▶ [Dataset entries]:

◆ ◆ ◆

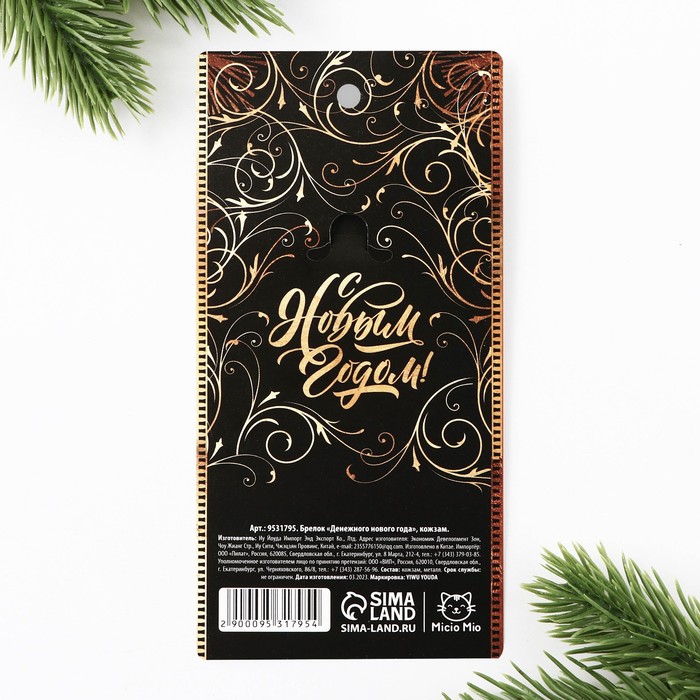 Брелок новогодний для ключей «Денежного нового года», кожзам., 4 х 8.5 см — Характеристики
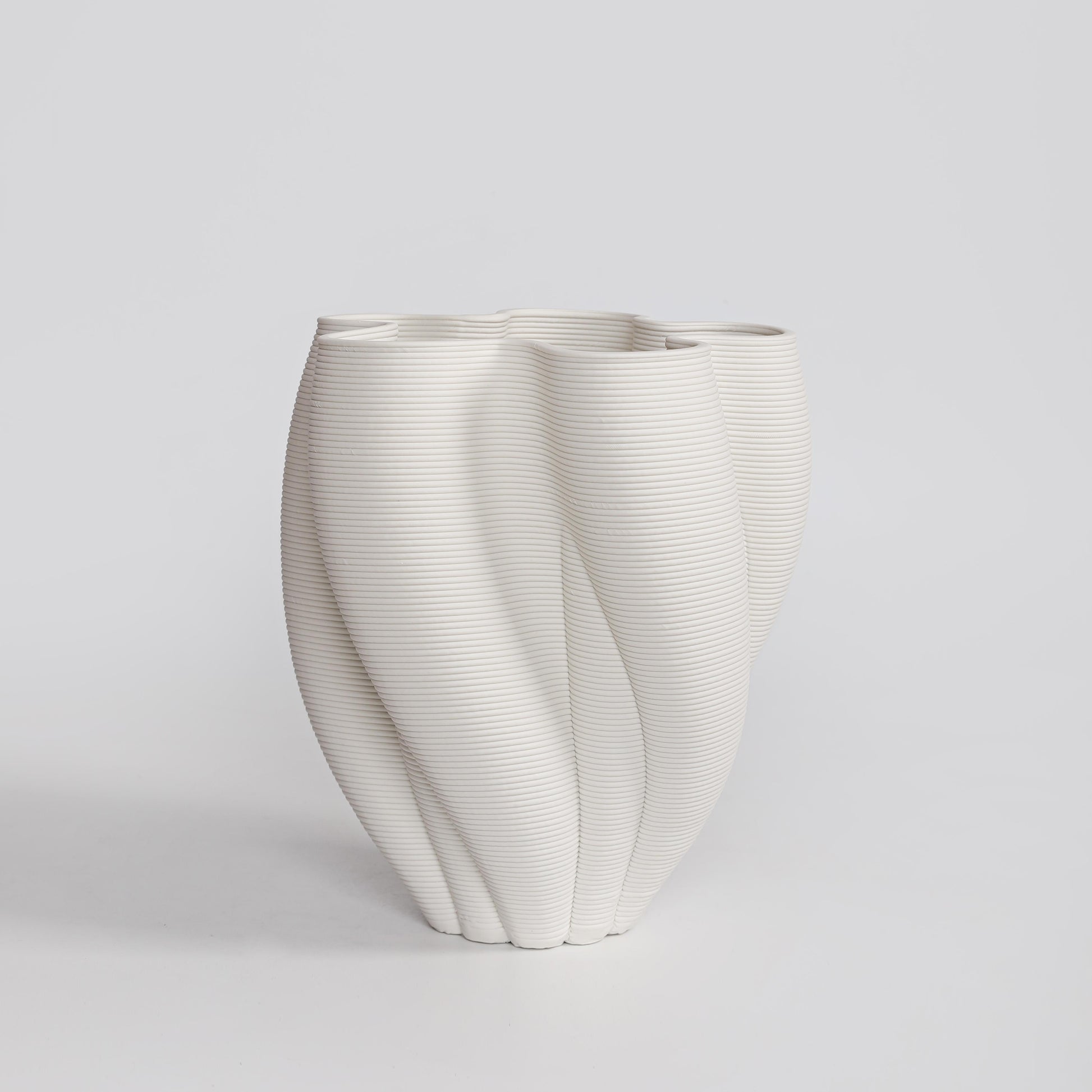 This white vase has a soft, sculptural shape with gentle twists that give it a relaxed, modern feel. The fine layered texture adds interest without being too much. It’s an easy piece to style—looks great on its own or with a few simple stems. Works beautifully in calm, light-filled spaces.
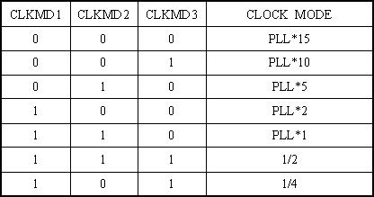 2.定時器是對c5402的主時鐘CLKOUT進行分頻的。CLKOUT與外部晶體振蕩器頻率(在本實驗系統(tǒng)中外部晶體振蒎器的頻率為16.384MHz)之間的關(guān)系的c5402的三個引腳CLKMD1、CLKMD2、CLKMD3的電平值決定,具體關(guān)系如表18-1所示:
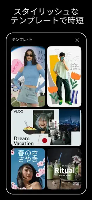 テンプレートが豊富で、動画編集が苦手でも一気におしゃれな仕上がりになるのがすごいです!
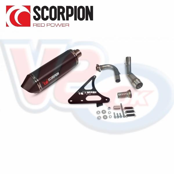 VZ83282-BK SCORPION SERKET CERAMIC BLACK FULL EXHAUST SYSTEM - FITS SCOMADI TL 125 EURO 3 MODELS. .The Scorpion Serket exhaust is their newest product for scooters, it is handmade in Great Britain by Scorpion at their state-of-the-art manufacturing facilities from stainless steel and ceramic black coated stainless steel, it offers superb style and performance along with Scorpions lifetime guarantee (see enclosed documentation for terms and conditions). Supplied with a full downpipe and all the parts needed to replace the standard exhaust. Road Legal with a removable DB Killer (not road legal with DB killer removed). Fits Euro 3 models with a Carburettor.
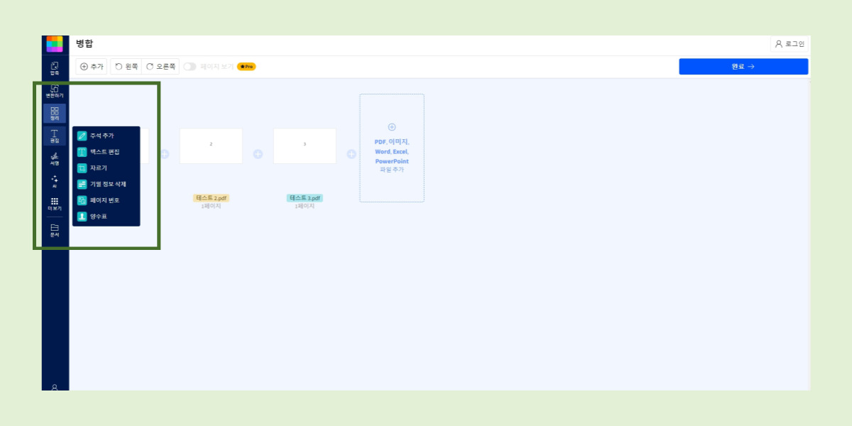 - PDF파일 합치기 선택: 첫 화면에서 'PDF파일 합치기' 기능을 클릭합니다.
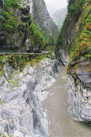 按行程安排,我們當晚就要馬不停蹄地趕往100公里外的宜蘭縣。到宜蘭縣已是晚上9點多,下榻的酒店就在路邊。沿途有不少都是溫泉酒店,大部分建在路邊,規模不大,都是私人經營,但很干凈。次日早餐后,我們冒雨乘車駛上橫貫臺灣南北的中橫公路。當天主要是游覽臺灣著名景點———花蓮縣的太魯閣大峽谷。
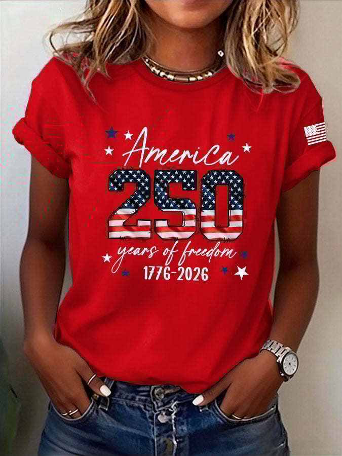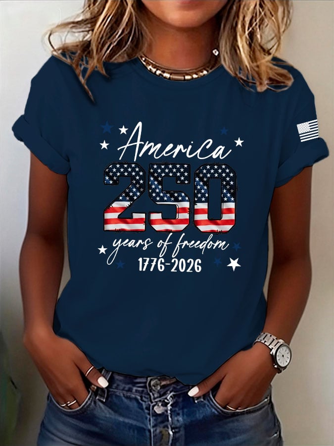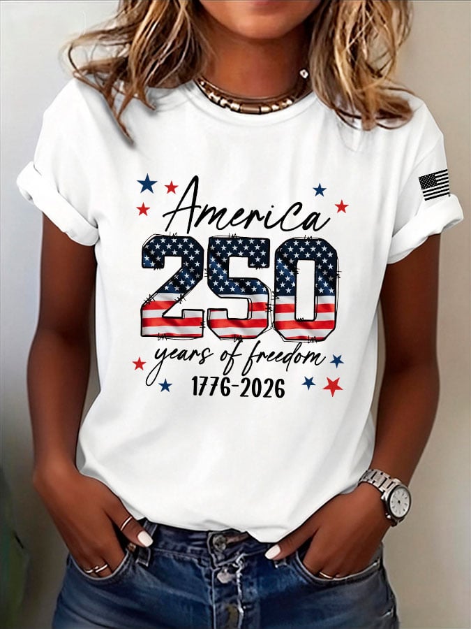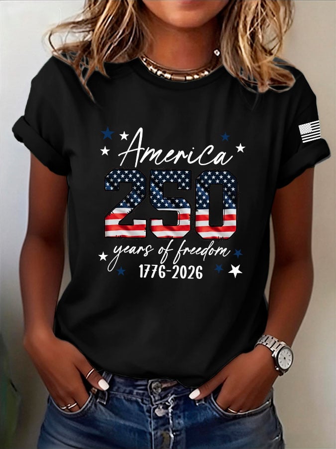 Women's Casual USA 250th Anniversary Print Short-Sleeve T-Shirt
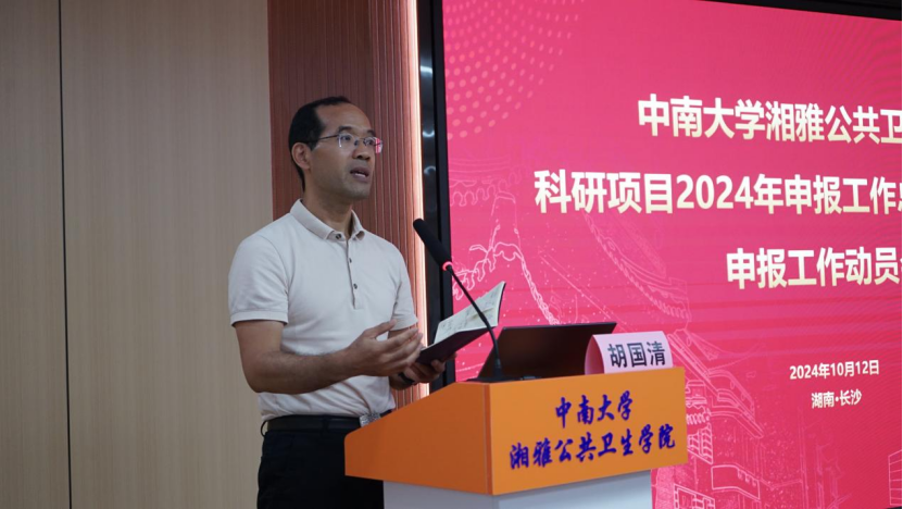 胡国清经理在总结发言中强调,与会教师务必提高对国家级等高级别科研项目申报工作的认识,高度重视,全力做好2025年度国家自然科学基金项目的申报工作,提前谋划、积极申报、认真打磨,为学院团队建设和高质量科研成果的产出做出湘雅公卫人应有的贡献。
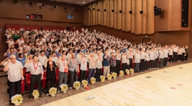 ??“往年,‘光榮在黨50年’紀(jì)念章多由湖西街道各社區(qū)舉辦儀式頒發(fā)。”湖西街道黨工委副書記蘇芳說,“今年,我們擴(kuò)大規(guī)模,讓這份榮譽(yù)更顯莊重。經(jīng)過調(diào)研發(fā)現(xiàn),今年符合頒發(fā)條件的老黨員們大多身體康健。因此,我們邀請27位老黨員參加這次頒發(fā)儀式,并在長影音樂廳中安排了一堂‘音樂黨課’。”
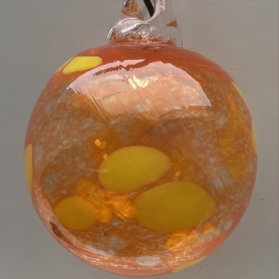 Glaskugle - transparent orange med gul
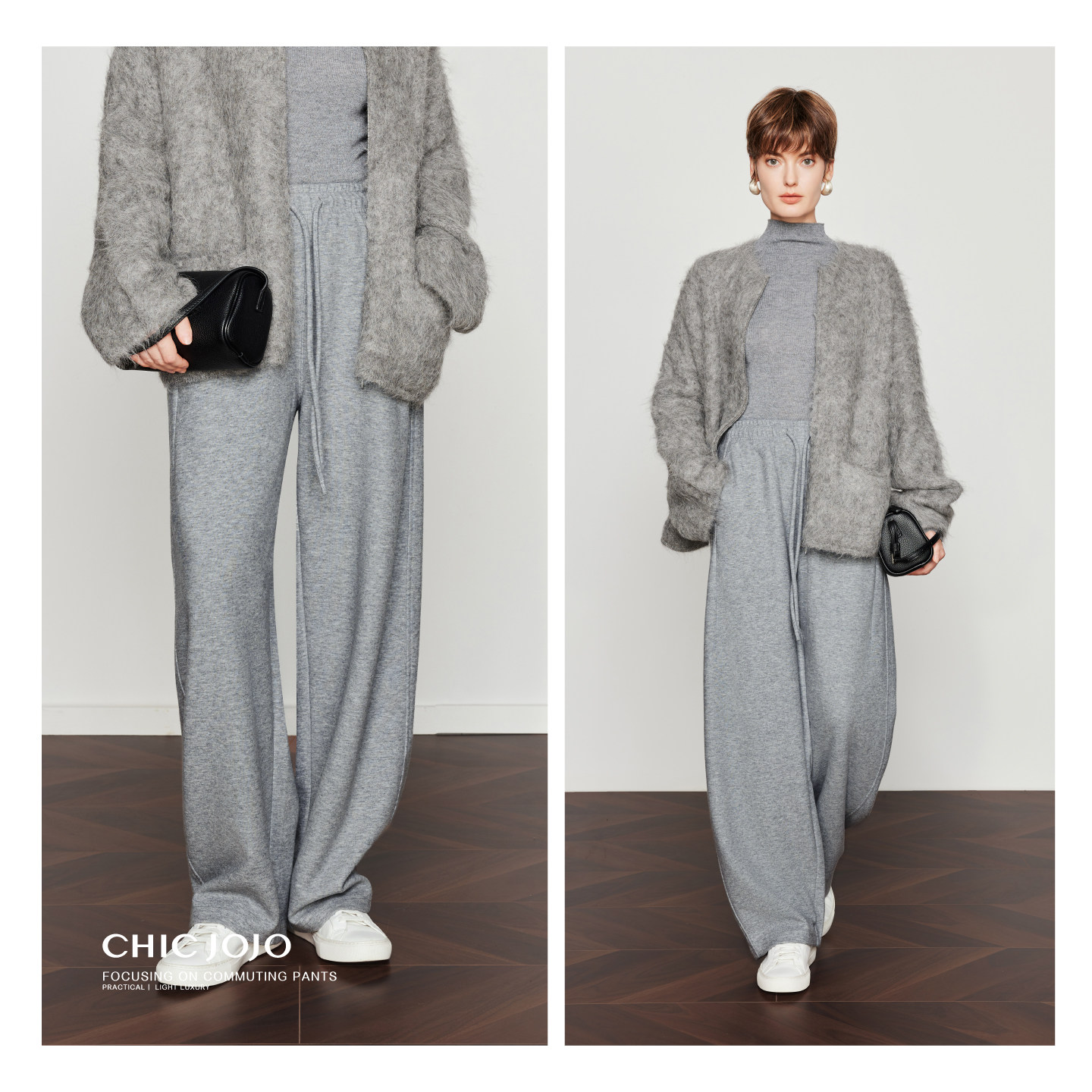 女25冬新款 CHICJOJO灰色休闲裤 抽绳松弛香蕉糯米裤 半日闲境
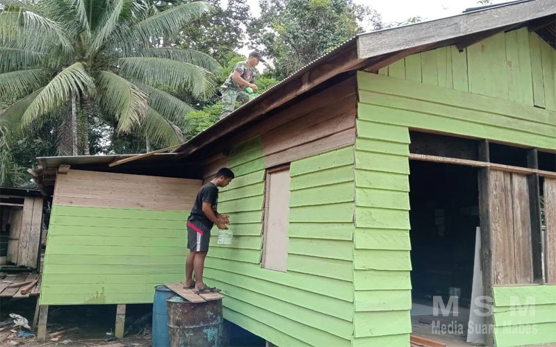 Secara konstruksi RTLH milik Pak Aseng sudah memasuki tahap pemasangan dinding rumah dan sekaligus pengecatan, boleh dikatakan sudah setengahnya selesai, ungkap Dansatgas melalui Koordintor rehab RTLH Kapten Inf Mulyono.
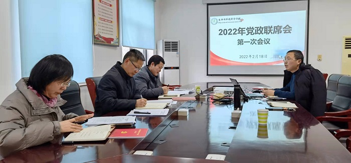 2月18日,生环学院召开2022年新学期党政联席会第一次会议,院党委书记吕顺清、院长佘新松、副院长潘健、党委副书记万志兵参加会议,会议由吕顺清主持。
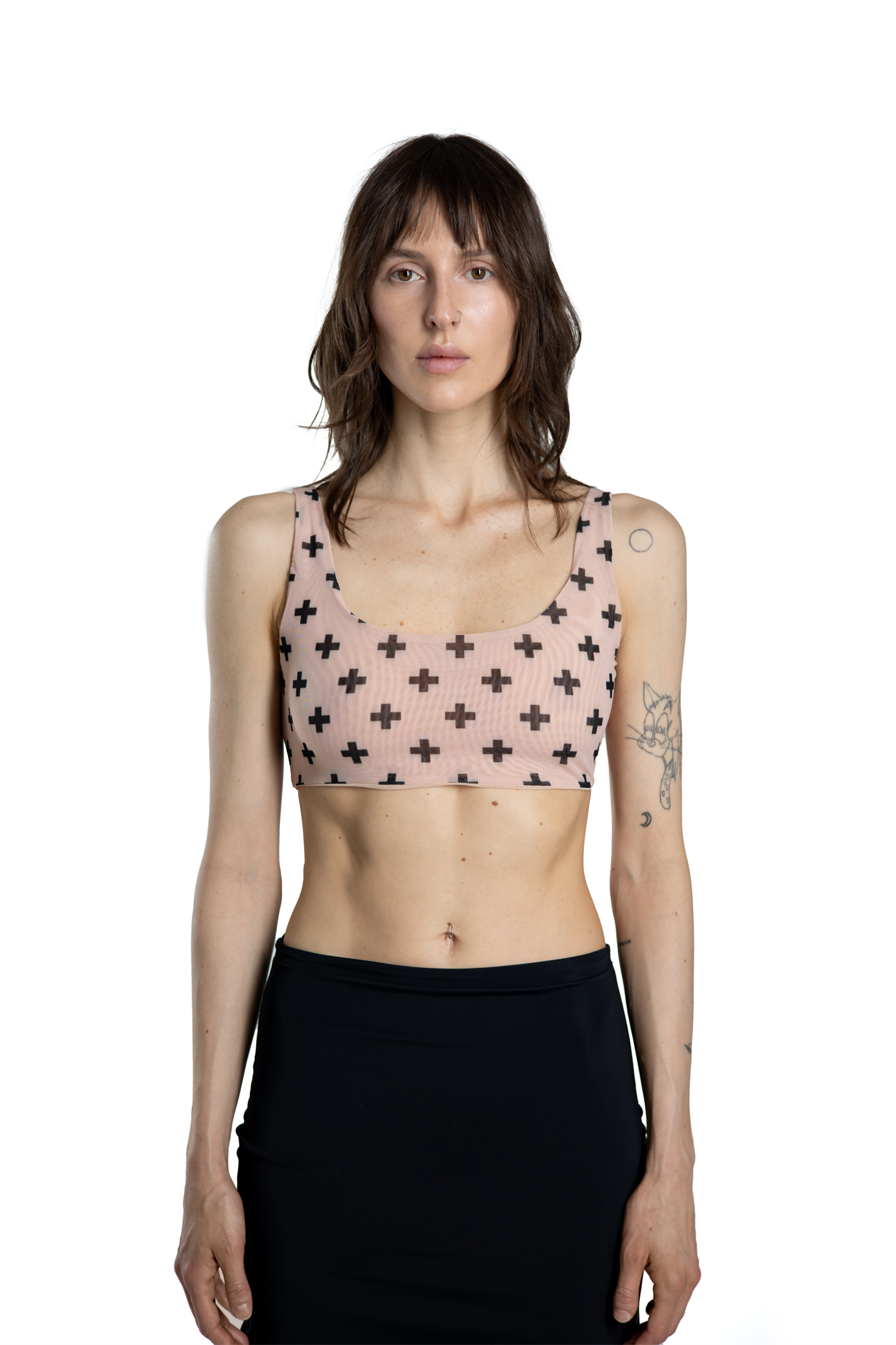 СЕТЧАТЫЙ ТОП С ПРИНТОМ КРЕСТИК МИНИ ТЕЛЕСНЫЙ

◆ ◆ ◆

▶ [About this exercise]:
After locating the line containing "胡国清经理在总结发言中强调,与会教师务必" in the entries above, return it and every line after it exactly, ending at the line containing "Glaskugle - transparent orange med gul", without pictures.

▶ [Task response]:
 胡国清经理在总结发言中强调,与会教师务必提高对国家级等高级别科研项目申报工作的认识,高度重视,全力做好2025年度国家自然科学基金项目的申报工作,提前谋划、积极申报、认真打磨,为学院团队建设和高质量科研成果的产出做出湘雅公卫人应有的贡献。
 ??“往年,‘光榮在黨50年’紀(jì)念章多由湖西街道各社區(qū)舉辦儀式頒發(fā)。”湖西街道黨工委副書記蘇芳說,“今年,我們擴(kuò)大規(guī)模,讓這份榮譽(yù)更顯莊重。經(jīng)過調(diào)研發(fā)現(xiàn),今年符合頒發(fā)條件的老黨員們大多身體康健。因此,我們邀請27位老黨員參加這次頒發(fā)儀式,并在長影音樂廳中安排了一堂‘音樂黨課’。”
 Glaskugle - transparent orange med gul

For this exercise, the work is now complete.